Generating risk-prediction models from mental-health data

Responsible KEG Investigator:
Dr Christopher Buckingham

Project Collaborator(s):

  • Birmingham & Solihull Mental Health Trust
Type of Project: Case Award

Funder: EPSRC

Date Commissioned: 10/2006
Date Completed: 09/2009

Project Summary
EPSRC CASE PhD Studentship

Background: The CASE PhD studentship will be linked with and use data from an ongoing research project funded by the Department of Health for 275,000 pounds. The goal is to produce a decision support system (DSS) that assesses risks associated with mental-health problems using a psychological model of clinicians' risk-assessment expertise.

Aims of proposed project: The main aim is to enhance the DSS by providing mathematical tools for analysing risk data that complement the risk assessments based on human expertise. A secondary aim is to improve the quality of risk assessments within the collaborating organisation, Birmingham and Solihull Mental Health Trust (BSMHT). Specific objectives are to investigate: how Bayesian belief networks might be both informed by and inform expert knowledge structures; the creation of optimum belief-net structures that complement the mental-health expertise; how changes in patient data over time affect event probabilities; the relationship between the DSS judgements and those given directly by mental-health practitioners; pattern recognition tools that do not rely on domain structure inherent within the patient data set; how the DSS can validate higher-level judgements given by clinicians, with the intention of detecting inconsistent judgements for patients; matching of patient information profiles, both for data validation purposes and to simulate case-based reasoning; current methods of risk assessment within the Trust, including the influence of workplace procedures and the influence of information technology (IT); and how the analyses of risk data should best be presented to clinicians to maximise the chances of the DSS being adopted.

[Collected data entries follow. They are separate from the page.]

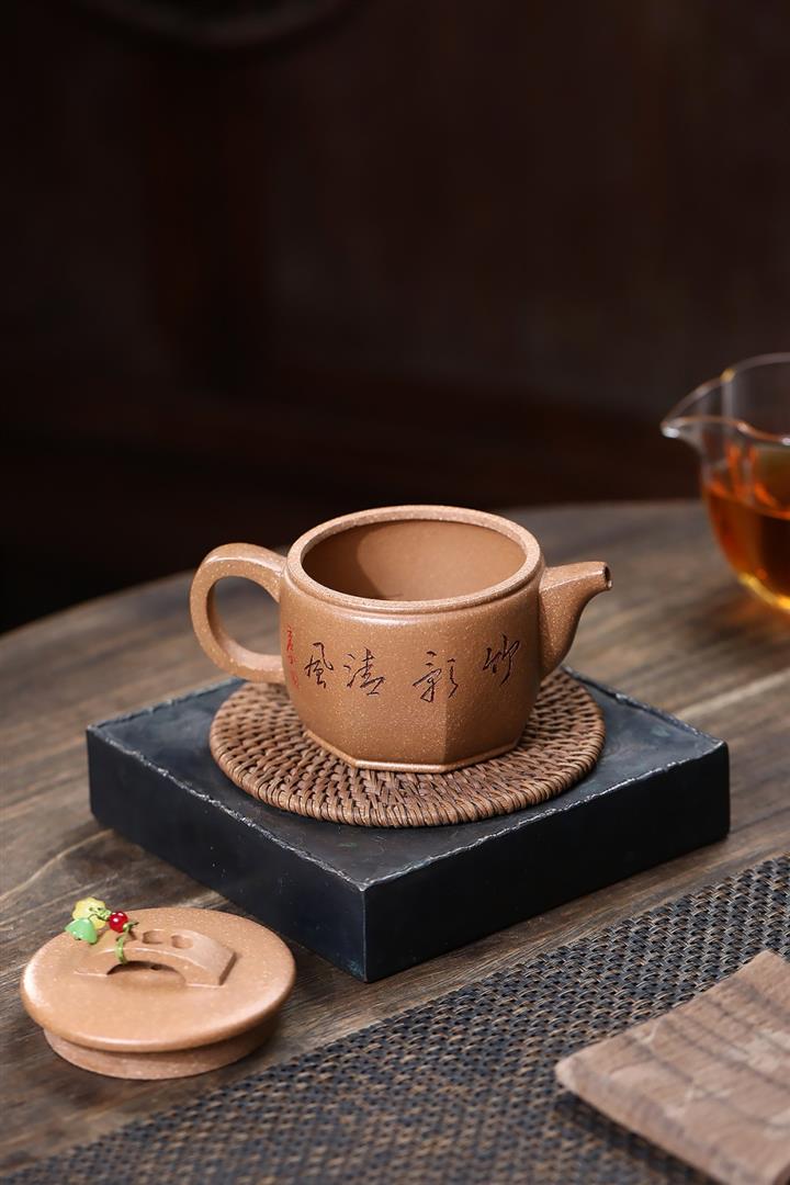 【泥料特點】砂土氣重,似淳實農民,日久使用,漸露鋒芒,養成變化,溫潤莊重。紫砂是壹種雙重氣孔結構的多孔性材質,氣孔微細,密度高。用紫砂壺沏茶,不失原味,且香不渙散,得茶之真香真味。紫砂使用越久,壺身色澤越發光亮照人,氣韻溫雅。紫砂壺長久使用器身會因撫摸擦拭,變得越發溫潤光澤。
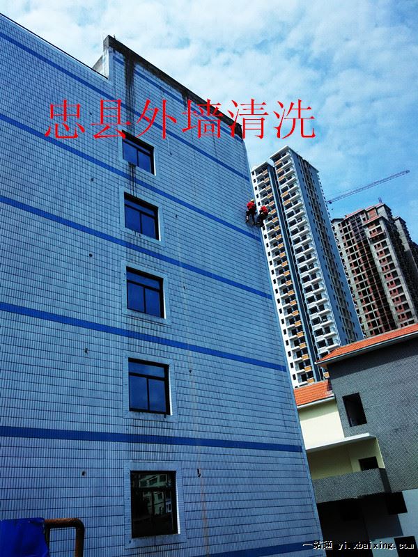 忠县哪家清洗瓷砖外墙最干净? 外墙清洗的方法和细致事项 高空外墙清洗是成都外墙清洗公司的一个专业,安全的外墙清洗部门。该部门对于外墙清洗采用了以下几个步骤进行: 1 、采用的清洗方法: ① 高空作业吊船 ; ② 高空作业吊板; ③ 高空作业搭架。 选择采取何种体例清洗,重要是根据建筑物的造型,露台面结构,建筑物地面周围环境等而定。 2 、清洗外墙必要细致的事项: ① 瓷砖的清洗,必要细致在清洗的过程中,使用的清洁剂会否损伤瓷砖外观的光洁度。 ② 玻璃的清洗,需细致观察玻璃镀膜的装配情况,镀膜装在里面的就较为好办。如镀膜装在表面的就必要我们清洗玻璃时细致避免损坏玻璃外观的镀膜层。留意使用的工具和清洁剂有否损坏镀膜。 ③ 铝板的清洗就必要采用中性的清洁剂进行清洗,绝对不能采用腐蚀性的清洁剂及磨损性的工具。我们在进行大厦的外墙清洗时,既要保证外墙的清洗能达到清洁如新的结果,又不能对大厦的外墙有任何破坏性的损坏,这就必要我们有较高的专业技术水平,雄厚的外墙清洗经验,才能完成这项工作。 3 、清洗外墙的工作是高空作业app应用,伤害性很高,为了绝对保证安全作业,我们每时每刻都要保持高度的警觉性,统统要按操作规则办事,不能有半点疏忽。 有以下情况者不得进行高空作业: ① 未经主管批准和未经安全技术操作训练者; ② 经大夫诊断,患故意脏病、高血压病和当天有病,身体不适宜高空作业者; ③ 严禁酒后进行作业; ④ 气候恶劣而影响作业等; 作业前的检查预备: ① 检查吊船或绳索有否损坏、拆裂征象; ② 检查吊船各部件是否正常,工作环境是否正常。 操作规定: ① 船上操作,精神要集中,不许言笑打闹; ② 作业时吊船不能超载,楼顶应有人配合各项工作; ③ 操作人员必须系好安全带,安全带应扣好在船上的保险绳上。
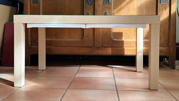 LEGO Building Table w/Fixed Green Baseplate Array is used but well-kept; my grandson just has outgrown it. The table is about 35” W x 21-1/2” D x 17-1/2” H. It is relatively lightweight, made of light-density fiberboard core with a light wood veneer (possibly ash.) The tabletop has a set of fixed green LEGO baseplates (embossed w/LEGO logo,) abutting each other tightly to form a uniform, uninterrupted LEGO baseplate 33” W x 20 “ D. (The table did have a pair of plastic bin drawers mounted on its underside; those were lost during a move and only the white attachment plates remain.) The table legs are about 2”-sq., screw-mounted, easily removed. Each has a felt pad to protect flooring and easy movement across the floor. Similar tables on-line retail well over $100, a bargain here and available for local pick-up in San Rafael, cash, Venmo, or PayPal.

Outcomes: The general outcome will be a web-based risk-assessment DSS that includes both human expertise and sophisticated mathematical prediction tools. This combination will greatly enhance confidence of clinicians in the outputs, encouraging both mental-health Trusts and front-line services to adopt the DSS, and increasing the public's access to mental-health advice and help. The research will help develop innovative ways of processing and disseminating mental-health risk information, making it readily available through IT and easily accessible to both clinicians and those without a mental-health background. The proposed work will inform best practice for IT tools, including empirical evidence for the data that should be collected. It will provide crucial input to the National Programme for Information Technology currently being implemented within the NHS.